Competing teams work on an innovative project aligned to a locally relevant challenge identified by a corporate partner or sponsor.
The proposal judged to be the most innovative, practical and budget friendly is declared the winner.
Ms Munzel's team was tasked with solving a problem for Yarram's Nielson's Pharmacy.
The pharmacy wanted a back-up power supply that would allow it to refrigerate medication and continue providing an essential service in the case of a power outage, such as during bushfire season.

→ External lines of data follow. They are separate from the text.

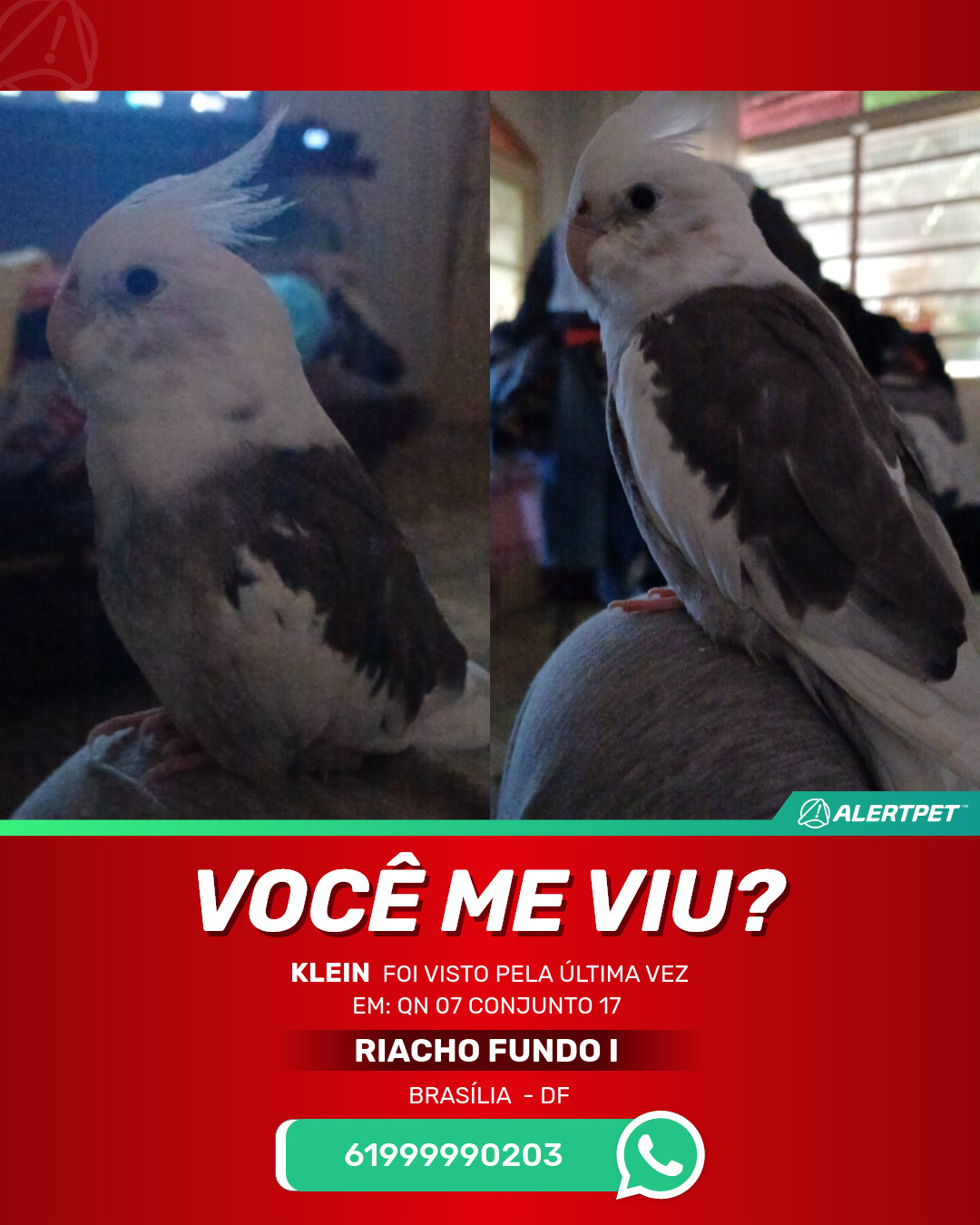 #AlertPet #Procurase #PassaroDesaparecido #Brasilia #ProcuramosKlein
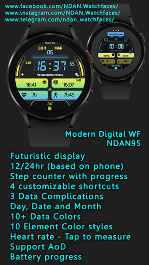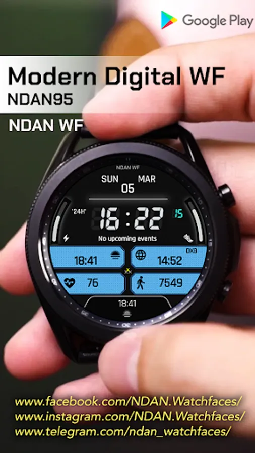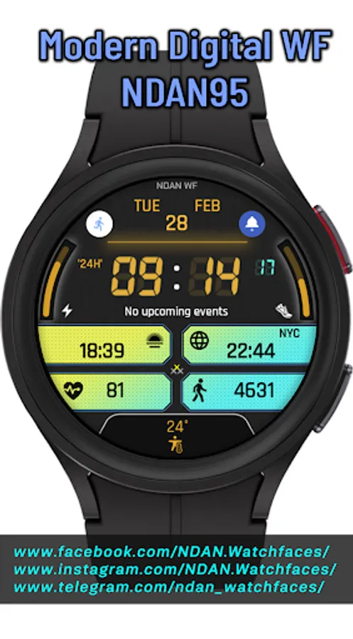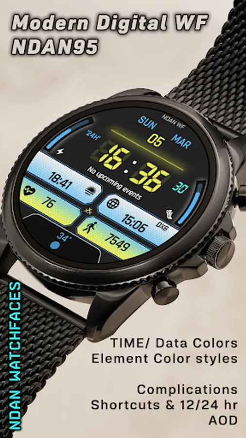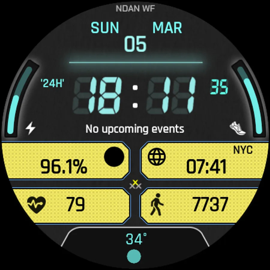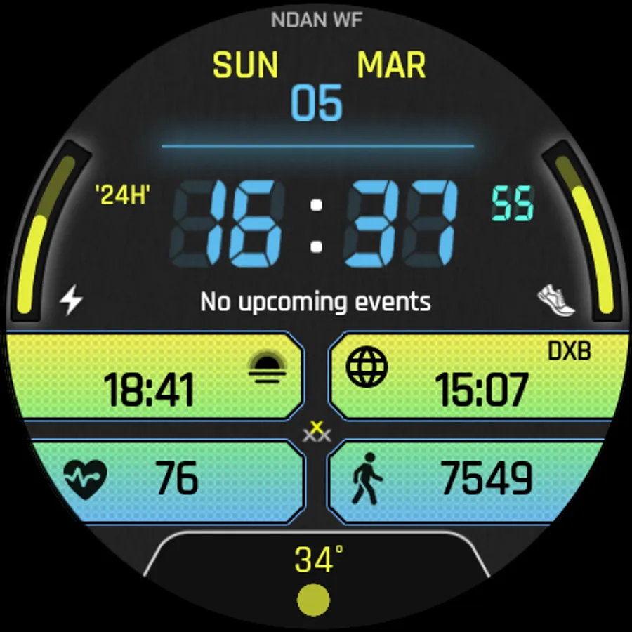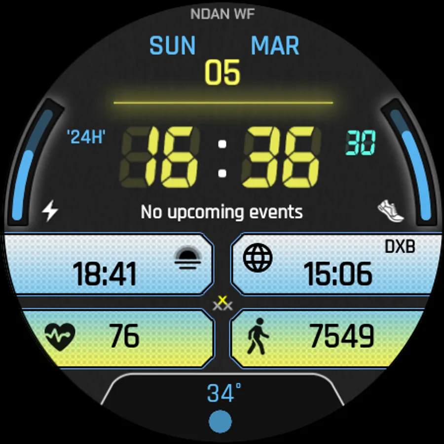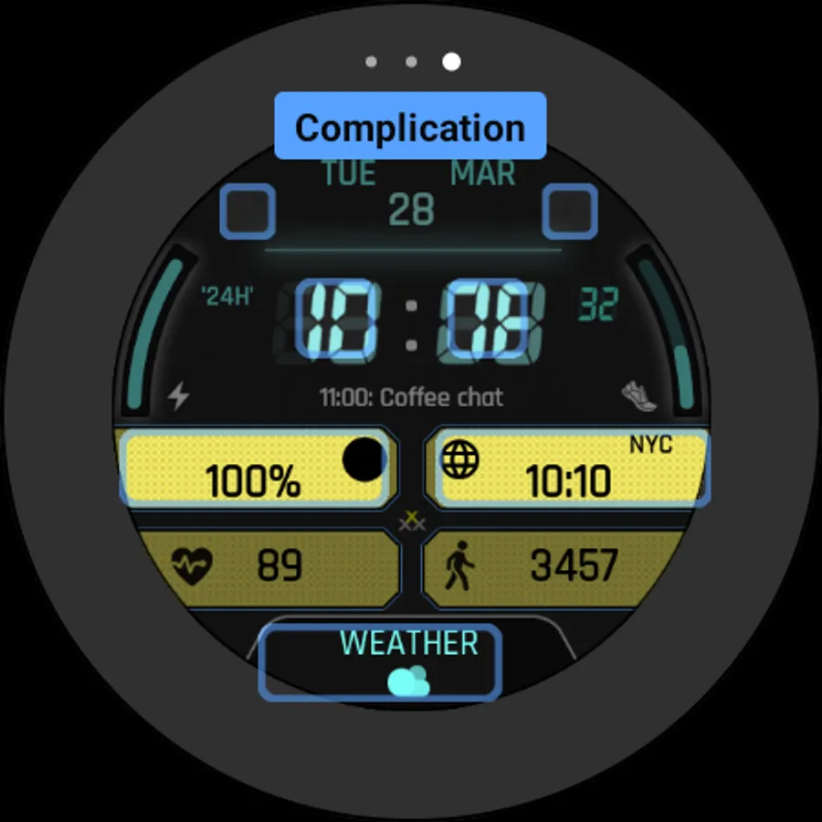 - 3 editable short complications for data such as Barometer, Next event, Weather etc.
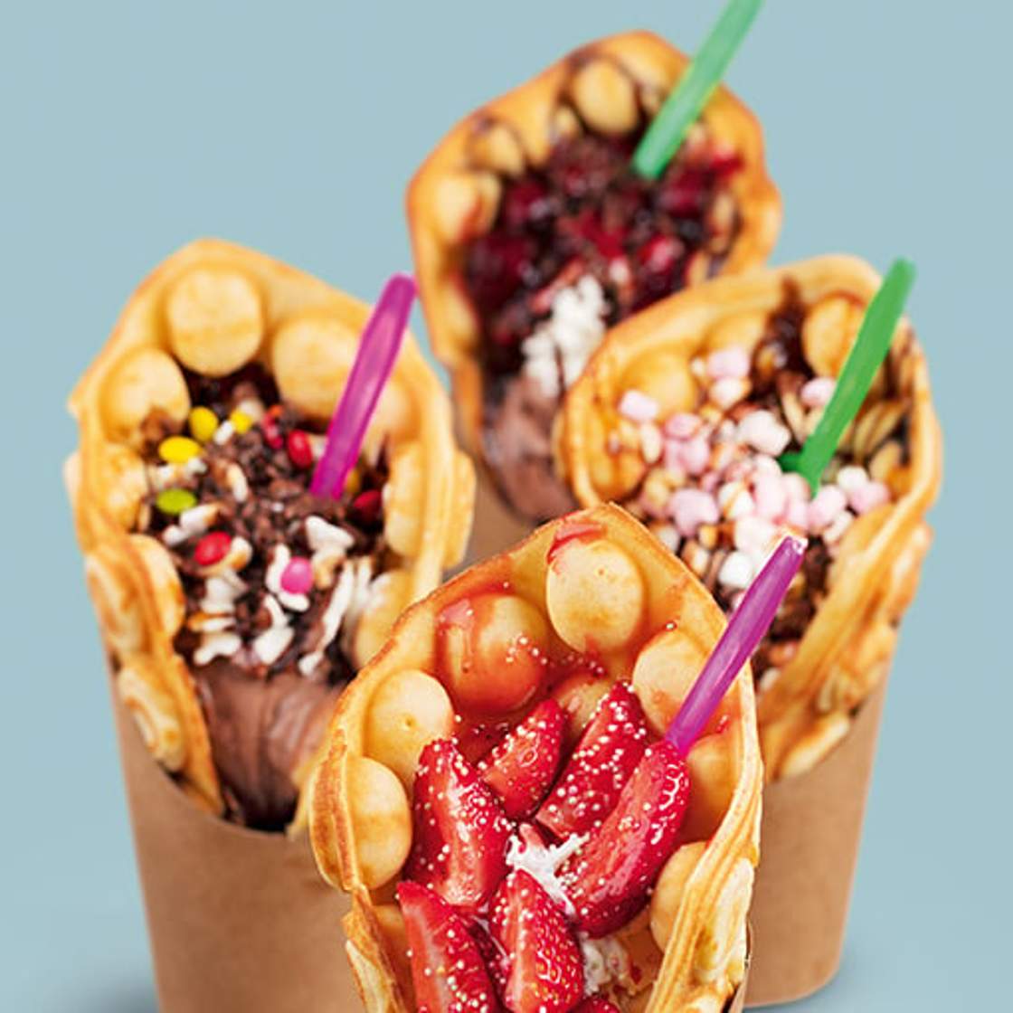 Enjoy our homemade fresh bubble waffles with creative fillings and toppings. For hot days, there are cool-down options like our delicious soft ice cream or cold drinks. Our coffee from Illy will give you power after a long day of shopping day.

"The topic for this national games was business resilience and optimising essential services in times of crisis," Ms Munzel said.
The team, along with corporate partner Energy Australia, devised a community solar plan.
"The business was interested in setting up solar, but it was too expensive," Ms Munzel said.
"Our plan was to develop a community solar plan, with solar panels from one main hub providing energy needs in times of crisis to major essential services in the community."
The games drew university students from a variety of courses together for the one-day event.
"You think coming from different areas that we wouldn't have a good team dynamic, but everyone got on the same page very easily," Ms Munzel, a Bachelor of Business Management and Marketing student at La Trobe University Bendigo said.
"Everyone was focused on the goal of helping the business develop the best strategy possible."
"The games attract a lot of engineers, data analysts and any areas where entrepreneurship and innovation flows through, but gave me a chance to be creative and generate ideas."